- Born: 1962 (age 63–64)

Signature

= Julia Kasdorf =

American poet (born 1962)

Julia Mae Spicher Kasdorf (born December 6, 1962) is an American poet.

==Early years and education==
Born in Lewistown, Pennsylvania, Julia Spicher grew up in the suburbs of Pittsburgh near Irwin, Westmoreland County. Her parents were Mennonites born in Big Valley, Pennsylvania, who chose to leave their rural community in central Pennsylvania to work in an urban setting. Spicher attended Goshen College, in Goshen, Indiana, but completed her B.A. and Ph.D. at New York University. As a student at Goshen College, Spicher visited China in the autumn of 1982 for the Study-Service Trimester at Sichuan Teachers College.

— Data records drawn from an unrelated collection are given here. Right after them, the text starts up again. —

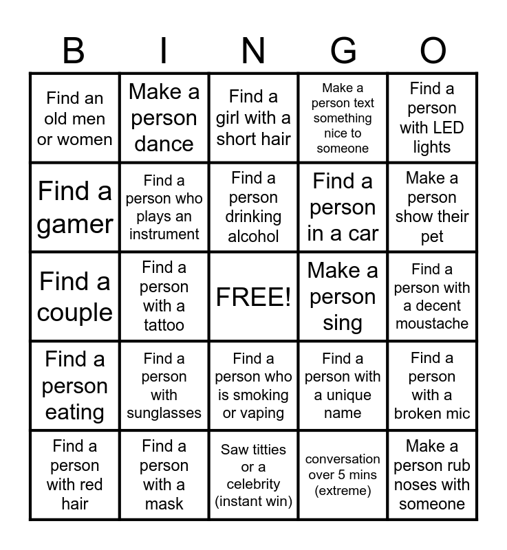 This bingo card has a free space and 24 words: Find a person with sunglasses, Find a person with a mask, Find a person drinking alcohol, Find a person with red hair, Find a person with LED lights, Find an old men or women, Find a gamer, Make a person dance, Make a person sing, Find a person who is smoking or vaping, Find a person in a car, Find a couple, Find a person with a unique name, Find a person with a broken mic, Find a person who plays an instrument, conversation over 5 mins (extreme), Find a person with a decent moustache, Find a girl with a short hair, Make a person show their pet, Find a person with a tattoo, Make a person rub noses with someone, Find a person eating, Make a person text something nice to someone and Saw titties or a celebrity (instant win).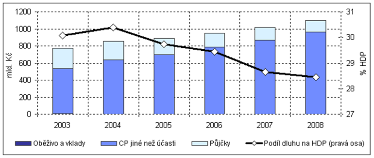 Převážná část deficitů veřejných rozpočtů bude financována formou úvěrů a vládních dluhopisů, jejichž objem dosáhne 1051,6 mld. Kč, tj. 27,7 % HDP. Je to však o 36,8 mld. Kč (0,8 p.b) méně, než se původně očekávalo. U podílu jednotlivých subjektů na zadlužení veřejných rozpočtů nedojde k žádným výrazným změnám. Nejvyšší váhu bude mít i nadále státní dluh (91,6 %) následovaný dluhem územních samosprávných celků a státních fondů (Státní zemědělský intervenční fond a Státní fond životního prostředí), které už k financování deficitů vyčerpaly peněžní zdroje a financují svá záporná salda dluhovými nástroji.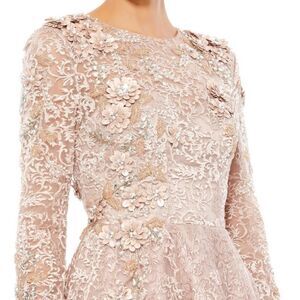 Mac Duggal 11121 Womens Pink EMBELLISHED ILLUSION LONG SLEEVE A LINE GOWN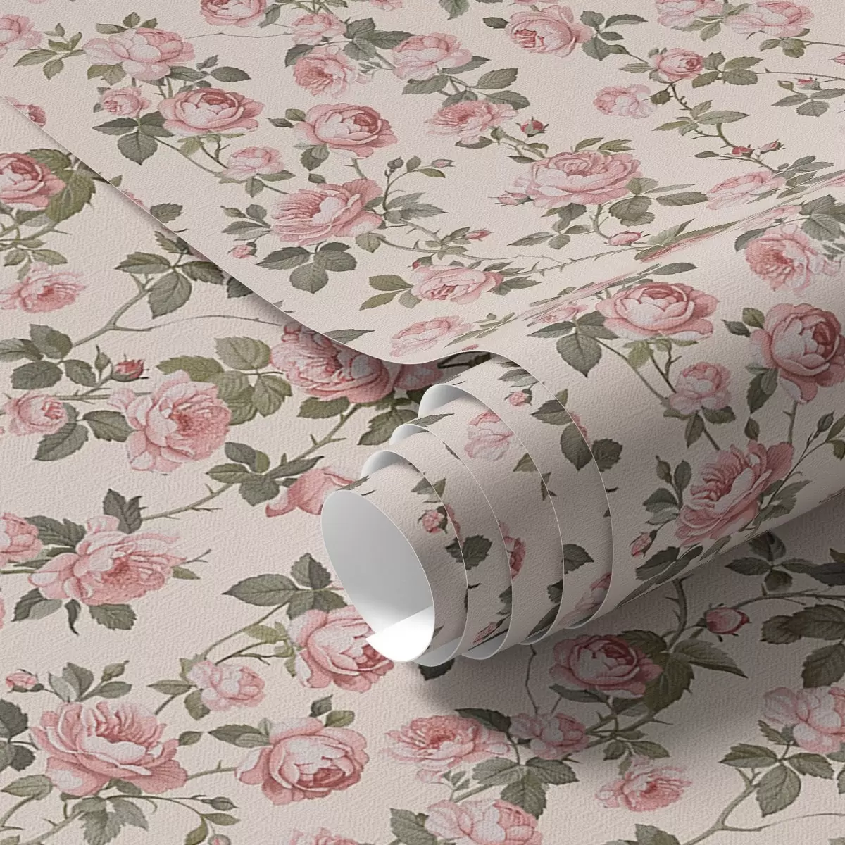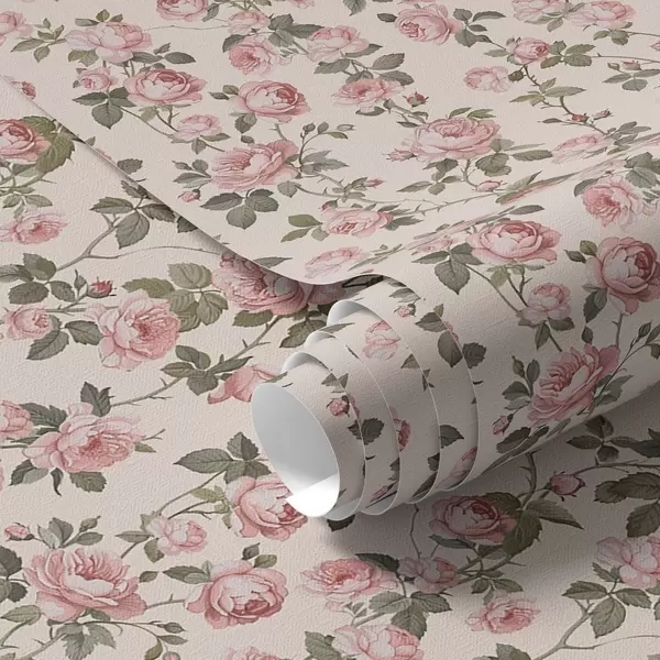 Papier peint Roses roses sur fond beige a00346

She published Moss Lotus, a chapbook of poetry inspired by her experiences in China, as a sophomore English major at Goshen in 1983. She earned her B.A., M.A. in creative writing, and Ph.D. from New York University (1997), where she studied with poet Yehuda Amichai, among others. Her Ph.D. dissertation, Fixing tradition: The cultural work of Joseph W. Yoder and his relationship with the Amish community of Mifflin County, Pennsylvania, was supervised by Gordon M. Pradl.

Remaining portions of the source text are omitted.